Wednesday, January 16, 2008

What is real?

What is real in this world? Is beauty real? Is grace? Nothing is inherently beautiful unless we ascribe it with that quality. Everything simply exists. A flower has colour; it has shape. Its leaves may hold a dewdrop; its petals may brighten under the rays of the sun. It is beautiful because we love it. Even a wild colt running free in a meadow without the presence of anyone’s gaze – it is beautiful because we see its image in our minds. We love its wild abandon and grace. We love it, and, on some level, yearn to be it.

The last lines of Keats’s “Ode on a Grecian Urn” have always puzzled and delighted me:

“Beauty is truth, truth beauty” – that is all
Ye know on earth, and all ye need to know.


In a world where truth is increasingly amorphous and elusive, wouldn’t it be far more reassuring to know that beauty exists independent of our perceptions, our imaginations, our emotional baggage? Perhaps, but both truth and beauty are still real to us, have power over us. We seek both, yearn for both.
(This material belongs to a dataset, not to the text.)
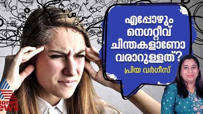 എപ്പോഴും നെഗറ്റീവ് ചിന്തകളാണ് വരാറുള്ളതെന്ന് പലരും പറയാറുണ്ട്. നെഗറ്റീവ് ചിന്തകളെ ഇല്ലാതാക്കാനും ആ സമയത്തെ മാനസികാവസ്ഥയെ തരണം ചെയ്യാനുമെല്ലാം നിങ്ങൾ ചെയ്യേണ്ട ചില കാര്യങ്ങളെ കുറിച്ച് ക്ലിനിക്കൽ സൈക്കോളജിസ്റ്റ് പ്രിയ വർഗീസ് എഴുതുന്ന ലേഖനം.

We may never be able to fully articulate why we find something such as a snowflake falling silently or a brilliant burst of buttercups in a meadow beautiful; however, we know that these things make our hearts skip a beat, take our breath away, or make us smile and feel blessed. We just know, and, indeed, it is all we need to know.

1 comment:

  1. I remember that poem from high-school! I want to see some more photographs of the north. Please?